Logging in Kubernetes: Best Practices

A practical guide to Kubernetes logging — centralized architecture, backend selection, structured logging, retention policies, and troubleshooting patterns.

THNKBIG Team

Engineering Insights

Logging in Kubernetes: Best Practices

Logging in Kubernetes Is a Different Problem

On a virtual machine, your application writes to /var/log and you set up rsyslog or a Filebeat agent. The file stays put. The machine stays put. In Kubernetes, pods are ephemeral. A crashed container takes its logs with it. A scaled-down deployment deletes the nodes those logs lived on. If you are not shipping logs off-node in real time, you are losing data.

Centralized logging is not optional in Kubernetes. It is infrastructure. This post covers the architecture decisions, tool choices, and operational practices that separate useful logging from expensive noise.

Centralized Logging Architecture

There are two primary patterns for collecting logs in Kubernetes: the DaemonSet collector and the sidecar collector.
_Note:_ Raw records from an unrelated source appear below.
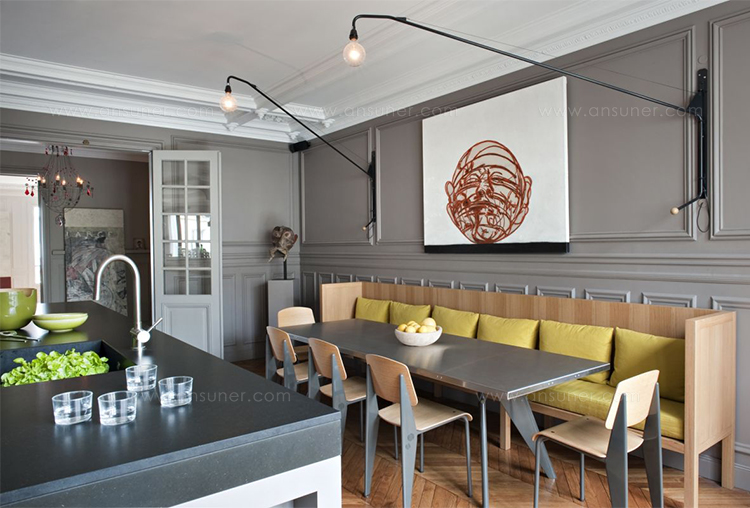 Potence壁灯是JeanProuvé的纯粹杰作之一。 减少了必需品 - 一个灯泡和一个旋转壁挂 - 长摆臂壁灯由粉末涂层管状钢制成,带有山毛榉木手柄。 灯由调光器控制,并配有灯泡。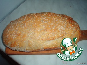 Положить его в смазанную маслом форму для выпечки. И оставить его, чтоб немного подошел. Когда подойдет, побрызгать водой, можно смазать яйцом и выпекать ~40 минут. (Я смазывала яйцом и посыпала кунжутом) -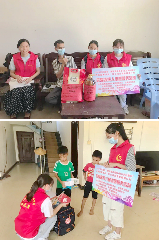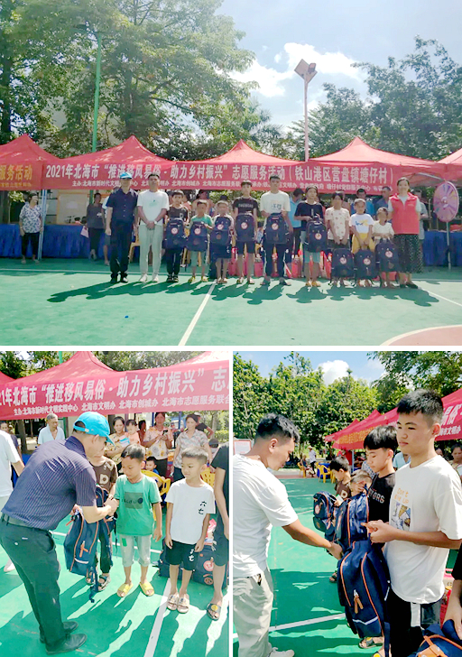 活动开始,铁山港区文明办、营盘镇政府的同志为留守儿童、家庭困难的青少年赠送“护身铠”,以及给孤寡老人和残障人士等困难群体送上慰问品。
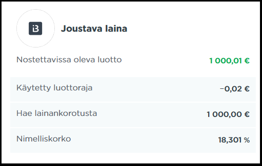 Vaikka omat kokemukseni Instabankista ovat sinänsä olleet hyviä, niin on tämä korkoasia sellainen, että hieman varovainen olisin Instabankin kanssa, jos harkitsisin sitä isompaa lainaa varten.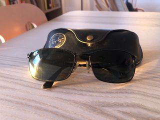Gafas de sol Ray-Ban con montura negra y lentes oscuras. Incluyen su funda original. - Montura metálica. - Lentes con protección UV. - Funda protectora de cuero sintético.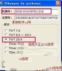 2、再打开软件包中的“TGkeygen.exe”文件,输入复制的id号或机器码,将其复制到天正2014注册窗口中

The DaemonSet approach deploys one log agent per node — typically Fluent Bit or Fluentd — that reads container log files from /var/log/containers/. This is the standard approach for most clusters.
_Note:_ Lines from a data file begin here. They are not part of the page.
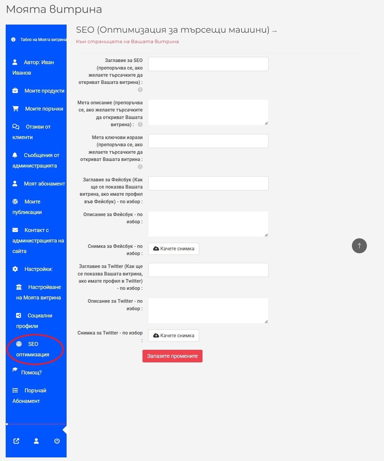В следващите полета въведете заглавия и мета описания за представянето на Вашата онлайн витрина във Facebook (Meta) и Twitter, ако имате профили в тези социални мрежи. Може да използвате заглавието и описанието за търсещите машини от предните полета, които сте попълнили. За Facebook (Meta) и Twitter може да качите и подходяща снимка, представяща Вашата витрина (Фиг. 13).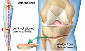 Knee osteotomy is a surgical procedure that may be recommended if you have arthritis damage in just one area of your knee. In knee osteotomy, a surgeon removes or adds a wedge of bone to your upper shinbone (tibia) or lower thighbone (femur). This helps shift your body weight off the damaged portion of your knee joint.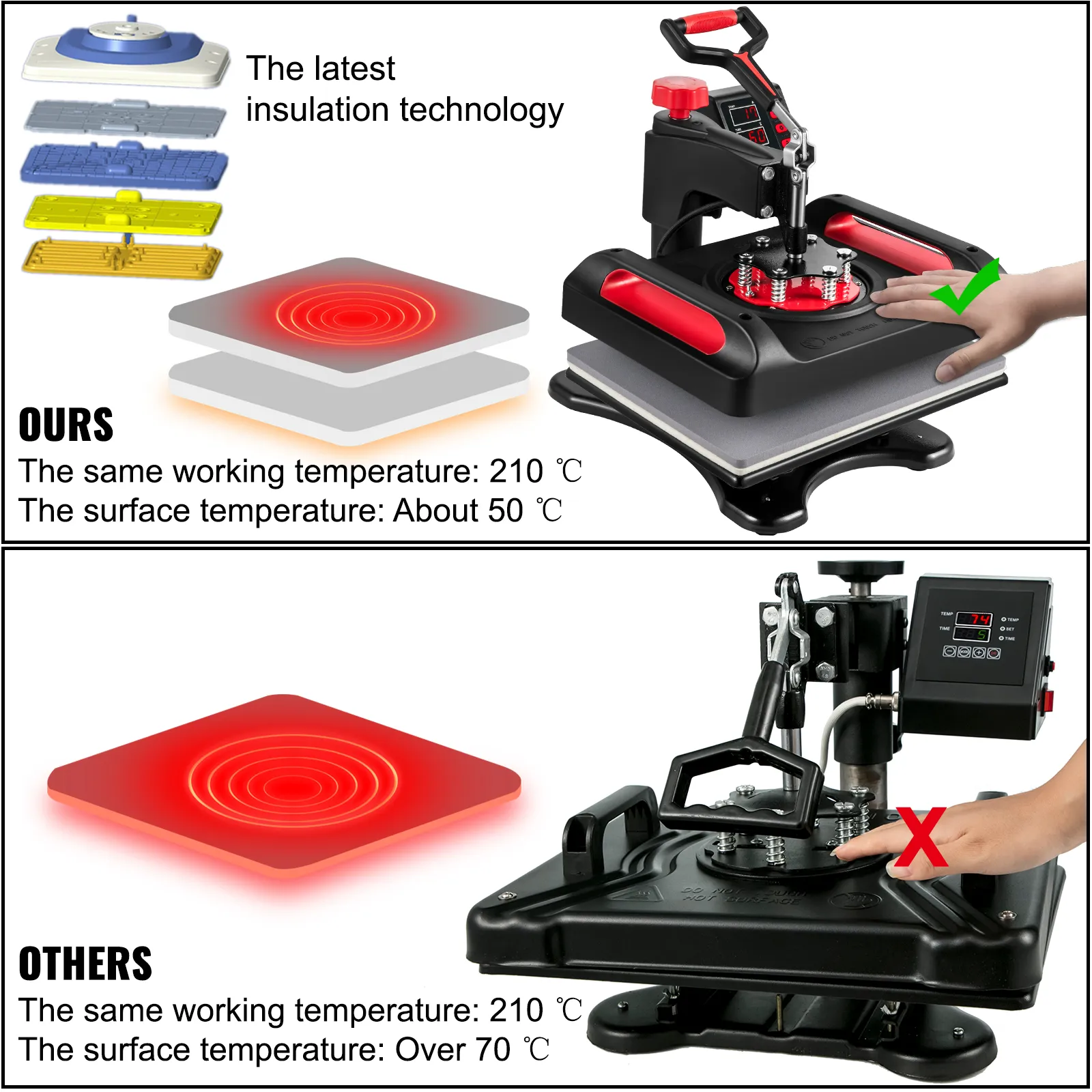 De nieuwste tweelaagse isolatietechnologie zorgt ervoor dat de oppervlaktetemperatuur van de sublimatie-hittepers slechts ongeveer 50 ℃ bedraagt wanneer de werktemperatuur 210 ℃ bereikt.

The sidecar approach runs a logging agent inside each pod. It uses more resources but gives you per-application control over log parsing and routing. Use sidecars when specific workloads produce non-standard log formats that need custom parsing before ingestion.

Our recommendation: start with a Fluent Bit DaemonSet for cluster-wide collection. Add sidecars only for workloads that genuinely need them. Fluent Bit uses roughly 15 MB of memory per node versus 60+ MB for Fluentd. At scale, that difference matters.
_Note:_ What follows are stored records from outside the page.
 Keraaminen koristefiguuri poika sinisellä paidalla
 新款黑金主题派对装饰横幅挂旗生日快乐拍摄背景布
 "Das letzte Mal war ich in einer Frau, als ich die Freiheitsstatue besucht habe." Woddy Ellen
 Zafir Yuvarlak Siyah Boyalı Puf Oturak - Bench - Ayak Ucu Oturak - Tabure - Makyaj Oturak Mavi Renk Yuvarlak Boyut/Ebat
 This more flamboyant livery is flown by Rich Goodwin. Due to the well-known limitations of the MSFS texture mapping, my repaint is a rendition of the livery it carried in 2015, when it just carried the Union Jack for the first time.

Choosing a Log Backend: EFK, Loki, or Cloud-Native

The EFK stack (Elasticsearch, Fluent Bit/Fluentd, Kibana) remains the most common open-source logging backend. Elasticsearch is powerful for full-text search and complex queries. It is also resource-intensive. A production Elasticsearch cluster needs dedicated nodes, careful JVM tuning, and index lifecycle management.

Grafana Loki takes a different approach. It indexes only metadata (labels), not the log content itself. Storage costs drop dramatically because logs are compressed and stored in object storage like S3. Query speed on raw text is slower than Elasticsearch, but for most troubleshooting workflows — filtering by namespace, pod, or container — Loki is fast enough and far cheaper.

Cloud-native options (CloudWatch Logs, Google Cloud Logging, Azure Monitor) eliminate operational overhead entirely. If your cluster runs in a single cloud and your team is small, these are reasonable choices. The trade-off is vendor lock-in and potentially higher costs at scale. See our observability practice for help evaluating the right stack for your workloads.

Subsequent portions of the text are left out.